Parks and prostitutes may surround the Phoenix Concert Theatre, but last week’s 2005 Untitled Art Awards gave the theatre a new air of elegance and adventure.

The Toronto art community gathered last Thursday to honour the city’s artists, relieving the Phoenix of its rock-and-roll dive image for the night. The trademark black curtains were pulled back to reveal a stylishly dishevelled white backdrop.

The Tijuana Bibles, who specialize in playing surf rock while wearing Mexican wrestler masks, played on stage during intermission. And the Boychoir of Lesbos, a group of robe-clad women, sang a rousing choral rendition of Soft Cell’s “Tainted Love” over a disco beat. No, this was definitely not a typical night at the Phoenix.

The Untitled Art Awards were incepted in 2003 as a way to honour excellence in visual art. Originally called The Steam Whistle Art Awards, it was renamed in 2004 to better suit the spirit of the awards. Four Ryerson graduates were among this year’s nominees. Annie MacDonell, a photography graduate from the image arts program, was nominated for her work in Many Fires, in the “Best Solo or Group Exhibition or Project.”
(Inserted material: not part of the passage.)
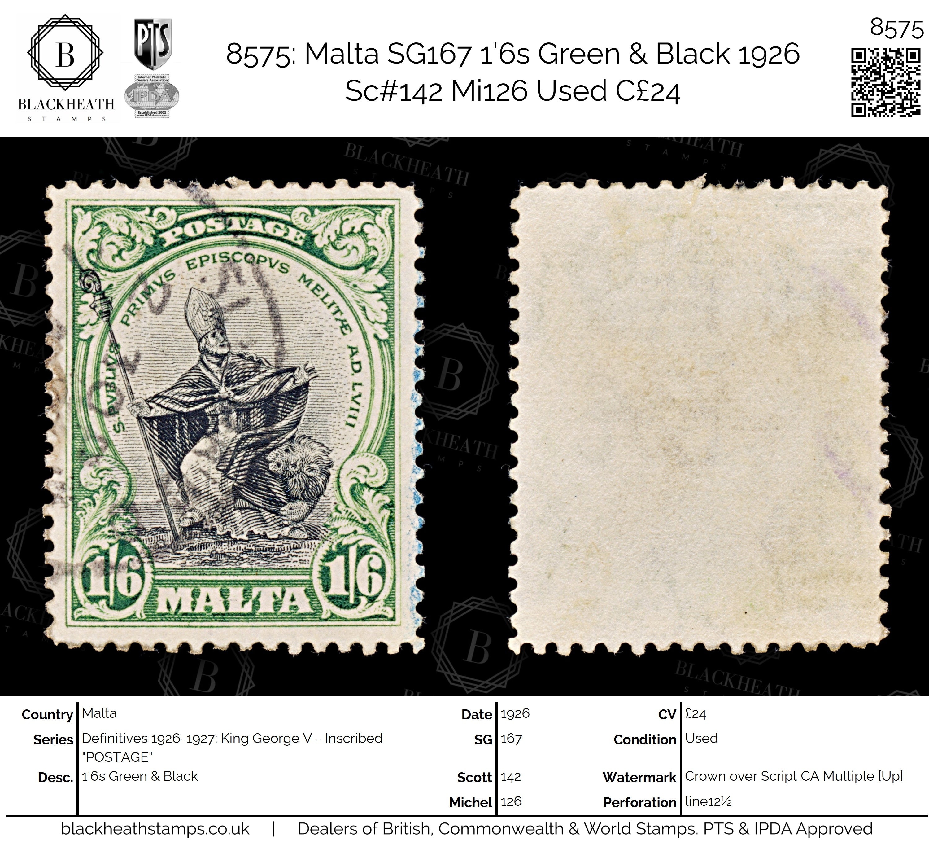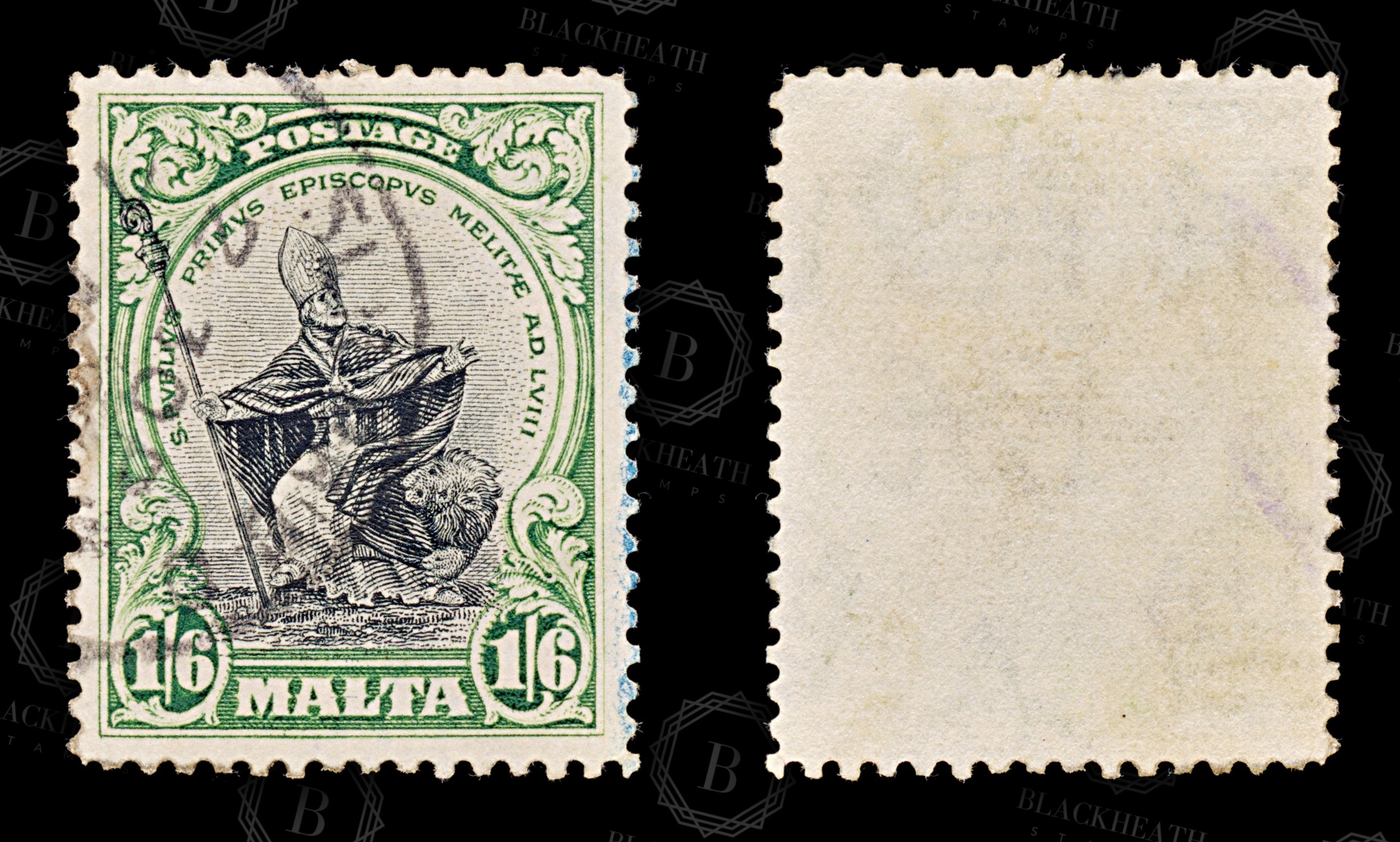 8575: Malta SG167 1'6s Green & Black 1926 Sc#142 Mi126 Used C£24

MacDonell, Becky Comber, Samar Modonpour and Chad Gerth were among the contributors to the exhibition Wallpaper, nominated for “Best Curated Exhibition in any (Non-Public Gallery) Space.” Although these projects lost to The Living Room Project and Andy Patton respectively, the night was still a success for Ryerson artists.
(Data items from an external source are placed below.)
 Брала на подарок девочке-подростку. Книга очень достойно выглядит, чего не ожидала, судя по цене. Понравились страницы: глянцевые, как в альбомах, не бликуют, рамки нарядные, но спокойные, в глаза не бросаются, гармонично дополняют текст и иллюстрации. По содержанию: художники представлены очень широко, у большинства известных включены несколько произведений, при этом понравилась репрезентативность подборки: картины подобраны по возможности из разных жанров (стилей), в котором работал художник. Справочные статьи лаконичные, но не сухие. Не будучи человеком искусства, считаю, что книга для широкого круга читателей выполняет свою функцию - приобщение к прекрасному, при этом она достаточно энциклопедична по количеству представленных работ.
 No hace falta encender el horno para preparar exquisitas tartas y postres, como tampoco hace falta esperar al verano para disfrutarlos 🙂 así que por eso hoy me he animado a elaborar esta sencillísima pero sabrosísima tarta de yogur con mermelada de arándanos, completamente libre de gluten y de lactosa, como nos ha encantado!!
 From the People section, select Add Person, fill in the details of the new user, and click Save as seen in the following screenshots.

“Recognition is a strange thing in the world of visual arts. I feel that Untitled is a good thing for the art community,” said Comber, who recently graduated from the image arts photography stream. “I feel that Sophie (Hackett, curator of Wallpaper) is receiving well-deserved recognition, and if we use art awards to do that, then so be it.”
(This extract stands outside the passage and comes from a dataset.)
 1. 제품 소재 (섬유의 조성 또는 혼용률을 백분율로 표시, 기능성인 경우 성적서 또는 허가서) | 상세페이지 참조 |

The Wallpaper exhibit was displayed at the Gladstone Hotel as part of CONTACT 2005, Toronto’s Photography Art Festival. Hackett described Wallpaper as artwork that “reconsiders and re-contextualizes wallpaper, photography and hotel art.” Comber herself contributed photos from two of her series, 1st Windows and Association.

Her images experiment with paper cutouts on window panes, using the window’s view to play with context and form. “(My photos work with) dimension of space between the surface of glass and what lies behind, as well as deal with the relation of figure and form of cutout snapshots on the glass surface to hint at relationships and attitudes between individuals,” Comber said. “I feel that (Hackett) was interested in my work because of its nature to deal with surface and space within the same dimension,” she said.

Comber has hit a bit of a wall since she graduated and left Ryerson’s creative environment. She has found that the realities of making a living have stifled her urge to create art. She has made plans for a change in scenery. Comber will move to Jasper, Alta. to manage a rustic hotel in the Rockies and to work on new material for seven months this year. “I’m excited about the prospect of seclusion and total immersion in (the) creative world again,” she said.

“Then hopefully, I’ll exhibit the work.” However, she won’t be leaving Toronto’s thriving art scene for good. “I feel like I will always be returning to Toronto to exhibit work and to collaborate,” Comber said.

And if Toronto’s art community’s response is any indication, the city can expect to witness several new and exuberant things from her, much like a Phoenix rising from the ashes.